[Exercise objective]
Quote, word for word, the line containing "mediterraan landschap aan" and all lines that follow it to the end of the records, with no pictures.

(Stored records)

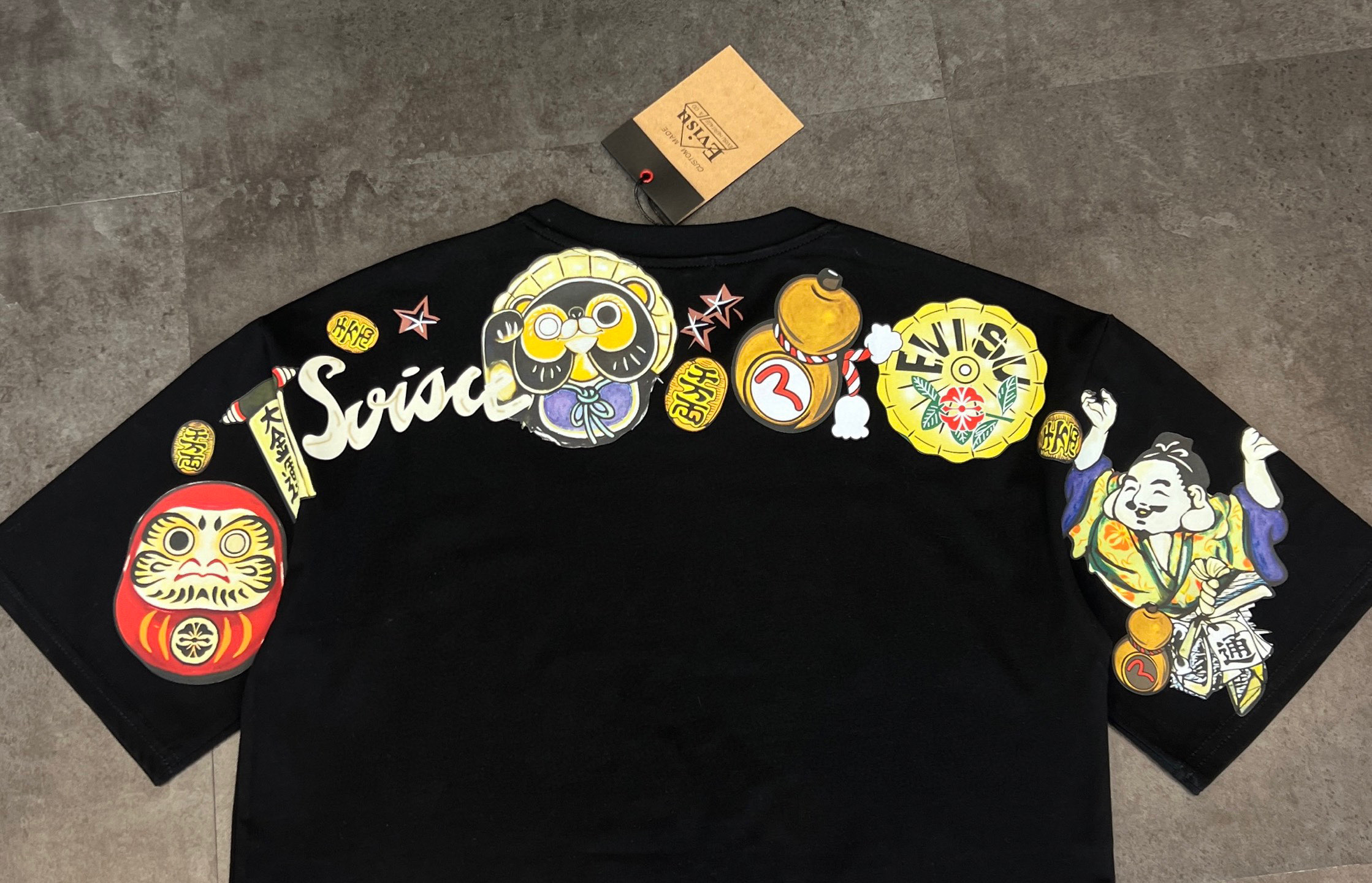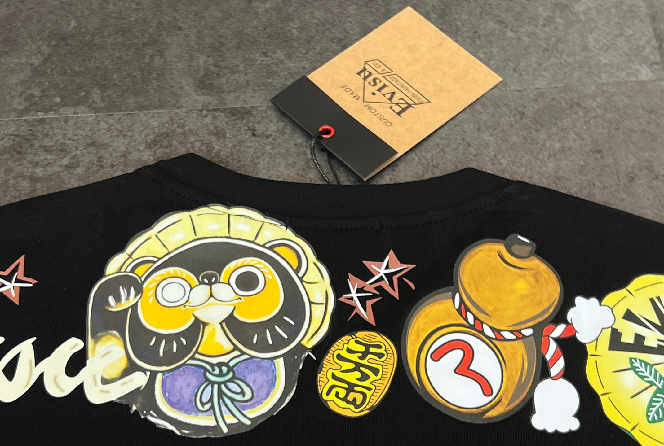 这款衣服是AAAAA 1:1 质量 (非常棒). 使用了和原版一模一样的材料. 商标部分也保持了和EVISU一样. 图片拍摄是实物衣服拍摄, 您所收到的实物保证和我们图片一模一样.
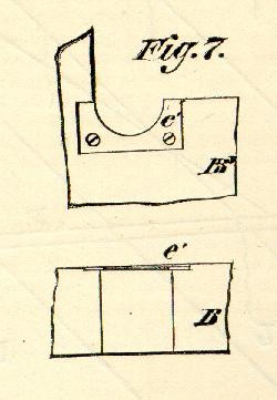 The position of the support, G, is regulated by the screw, e, which passes through it and rests against a metallic button, which is inserted in the stop piece, F.
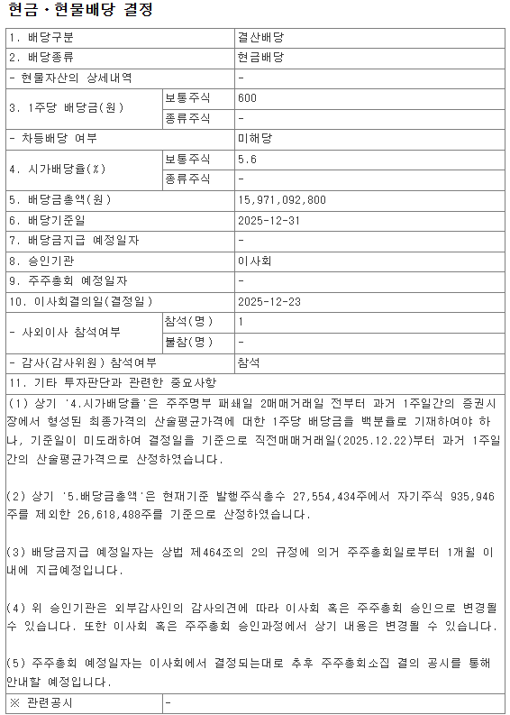 | 한솔로지스틱스 2025년 결산 배당 확정! 배당금·배당일·배당락 총정리 (0) | 2025.12.14 |
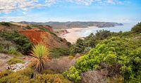 mediterraan landschap aan de kust costa vicentina, met uitzicht op het beroemde amado-strand, algarve west portugal
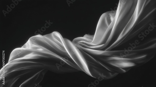 © Vitalii, Fototapeta premium Black and white photograph of a fabric that is flowing in the wind. the fabric appears to be made of a silky, silky material and has a smooth texture.

[Output for this exercise]
 mediterraan landschap aan de kust costa vicentina, met uitzicht op het beroemde amado-strand, algarve west portugal
 © Vitalii, Fototapeta premium Black and white photograph of a fabric that is flowing in the wind. the fabric appears to be made of a silky, silky material and has a smooth texture.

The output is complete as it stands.